今回、東シナ海上空に防空識別圏を設定したことで、ついに、わが日本に対しても、その本性をあらわにしてきた。
安倍晋三首相は国会答弁で「力を背景とした現状変更の試みには、わが国の領海、領空を断固として守り抜く決意で対応する」と語っていた。日本としては、理不尽な中国に付け入るスキを与えず、この危機をチャンスに、憲法改正を含む法整備をして、有効な防衛策を講じるべきだ。
日本は積極的平和主義に基づく、「やられたらやり返せる攻撃力」を身につけるべきだ。民族の歴史に誇りと自信を持てる国づくりを急がなければならない。

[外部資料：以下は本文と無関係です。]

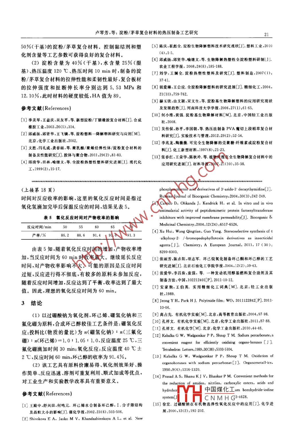 IsSN1002-4956實驗技術(shù)與管理第30卷第5期2013年5月CN11-2034/TExperimental Technology and ManagementⅤol.30No.5May.2013環(huán)已醇合成工藝的改進孔祥文,邱錦鋒(沈陽化工大學(xué)應(yīng)用化學(xué)學(xué)院,遼寧沈陽110142)摘要:以環(huán)己烯為起始原料,兩步法合成環(huán)已醇。對環(huán)已醇合成的關(guān)鍵步驟—氧化反應(yīng)的氧化劑進行了改進,考察了合成反應(yīng)的諸多因素。最佳工藝條件是:硼氫化反應(yīng)中,濃度比n(硼氫化鈉);n(三氟化硼):n(環(huán)己烯)=1.0:1.05:1.0,三氟化硼滴加時間30min;氧化反應(yīng)中,氧化反應(yīng)溫度(40℃±2℃),反應(yīng)時間60min。工藝經(jīng)改進后,產(chǎn)物的收率達到91.4%關(guān)鍵詞:環(huán)己醇;環(huán)己烯;合成工藝;硼氫化中圖分類號:0624.3-33文獻標志碼:B文章編號:1002-4956(2013)05-0017-03Improvement of synthesis of cyclohexanolKong Xiangwen, Qiu Jingfeng(Applied Chemistry College, Shenyang University of Chemical Technology, Shenyang 110142, China)Abstract: As an important organic chemical material, cyclohexanol is widely used in preparation of adipic acidand caprolactam. Cyclohexanol is synthesized from cyclohexene as raw material by two-step reactions. Theoxdiant in the key step of oxidation reaction is improved. The influence of some factors on the synthesisprocess is studied, The optimal reaction conditions are chosen that the molar ratio of sodium borohydride andboron trifluoride, and cyclohexene is 1.0: 1. 05: 1.0, the dropping addition of boron trifluoride is 30 min for thehydroboration; the reaction temperature is (40 C+2 C), the reaction time is 60 min for the oxidationreaction. Under the optimal reaction conditions, the yield of cyclohexanol could reached a level of 91. 4%, whichis 9. 8% higher than beforeKey words: cyclohexanol; cyclohexene synthesis: hydroboration環(huán)己醇是一種非常重要的有機化工原料,是合成采用改進的硼氫化氧化法01合成環(huán)己醇,考察了合已二酸、己內(nèi)酰胺以及醫(yī)藥23、農(nóng)藥、染料等精成反應(yīng)的影響因素,確定了反應(yīng)的優(yōu)化條件。細化學(xué)品的重要中間體,也可用作燃料助劑n。近年來科學(xué)家研究發(fā)現(xiàn)以環(huán)已醇為原料合成的聚酰亞胺1實驗薄膜具有很好的透明度、極佳的導(dǎo)電性能,在導(dǎo)電薄1.1主要試劑與儀器膜、二極管晶體及印刷電路基板中都有廣泛的作用。試劑:環(huán)己烯,硼氫化鈉,三氟化硼-乙醚絡(luò)合物,環(huán)己醇的制備是有機化學(xué)實驗中的一個基本合成實四氫呋喃過硼酸鈉,無水硫酸鎂(分析純,國藥集團化驗,傳統(tǒng)的制備方法是環(huán)已酮被異丙醇鋁還原然后學(xué)試劑有限公司)在酸性條件下水解合成,但該方法反應(yīng)時間冗長、操作儀器:FT-IR470型紅外光譜儀,WAY-2S數(shù)字阿繁項、原料價格昂貴、對生產(chǎn)設(shè)備要求高,并且產(chǎn)生大貝折射儀,ARX300型HNMR波譜儀量的廢酸,危害生態(tài)環(huán)境。本文以過硼酸鈉為氧化劑,1.2環(huán)己醇的合成收稿日期:2012-08-26修改日期:2012-11-11在裝有攪拌、恒壓滴液漏斗及溫度計的250mL基金項目遼寧省教育科學(xué)“十一五”規(guī)劃立項課題高校精品課程建設(shè)三口瓶中,加人0.65g(0.016mo)粉狀硼氫化鈉、的理論與實踐研究(Go9DB12);遼寧省教育廳高等學(xué)???.1g(0.05mol)環(huán)己烯、25mL四氫呋喃,攪拌,用水學(xué)研究項目(202092009)浴將反應(yīng)物中國煤化工籬液漏斗中加入作者簡介:孔祥文(1962-),男,江西九江,博士,教投,碩士生導(dǎo)師,主2.6mL(2CNMHG和5mL四氫呋要從事有機化學(xué)教學(xué)和有機合成研究工作E-mail:kxwwz12168@163.com喃,混合均勻,極緩慢地滴入三口瓶中,30min內(nèi)滴完,保溫攪拌30min;反應(yīng)完成后,從滴液漏斗慢慢滴實驗技術(shù)與管理入5mL水,約10min滴完,繼續(xù)攪拌10min;升溫至25℃、三氟化硼滴加時間為30min、氧化反應(yīng)溫度為40℃±2℃,緩慢滴加5mL過硼酸鈉(5g,0.05mo)40℃、氧化反應(yīng)時間為60min的實驗條件下,考察了水溶液,控制加入速度,以便反應(yīng)放出的熱使溫度保持三氟化硼的加入量對反應(yīng)的影響,結(jié)果見表在40℃±2℃,約25min加完,保溫攪拌60min,停表2硼氫化鈉與三氟化硼摩爾比對產(chǎn)物收率的影響止加熱;用冷水將反應(yīng)物冷卻至室溫,加入氯化鈉飽和n(A):n(B)1:0.91:11:1.051:1.11:1.15溶液,分出有機層;水層用10mL四氫呋喃萃取,分出產(chǎn)率/%有機層;再合并有機層;用20mL飽和氯化鈉水溶液注:A為硼氫化鈉;B為三氟化硼。洗兩次,分出有機層,用無水硫酸鎂干燥;干燥后的溶液用水浴加熱蒸去溶劑,將殘留液(黃色,約10mL)移由表2知,隨著三氟化硼比例的增加,產(chǎn)物收率先入50mL蒸餾瓶中加熱蒸餾收集150~159℃餾升,且摩爾比達到1.0:1.05以后產(chǎn)物收率趨于平穩(wěn)分;產(chǎn)物為具有似樟腦氣味的無色透明油狀液體,沸點其可能的原因是三氟化硼過量,加速了反應(yīng),一段時間為155℃。其紅外光譜圖譜與標準圖譜完全一致。以后,反應(yīng)趨于平衡,收率達到了最高值。因此,確定最佳摩爾比為1.0:1.05。2結(jié)果與分析2.3三氟化硼滴加時間對收率的影響2.1氧化劑的選擇硼氫化反應(yīng)是一個劇烈的放熱反應(yīng),因此三氟化對過硼酸鈉NaBO(SPB)過氧化氫H2O2和次硼的滴加速度直接影響反應(yīng)進程,影響環(huán)己醇的收率。氯酸鈉NaCO1-3種氧化劑進行了實驗且對H2O2/取硼氫化鈉與三氟化硼摩爾比為1.0:1.05,環(huán)己烯NaOH和H2O2/Na2QCO31體系做

■元谷外志雄(もとや・としお) 石川県小松市生まれ。信用金庫勤務後、27歳で注文住宅会社を創業し、その後、ホテルやマンション、都市開発事業などを手がけるアパグループを一代で築き上げる。同グループ代表。国内外の多くの要人と交友関係があり、政治や経済、軍事に関する知識も豊富で、社会時評エッセーも執筆する。著書に「誇れる祖国『日本』」(幻冬舎)、「報道されない近現代史」(産経新聞出版)など。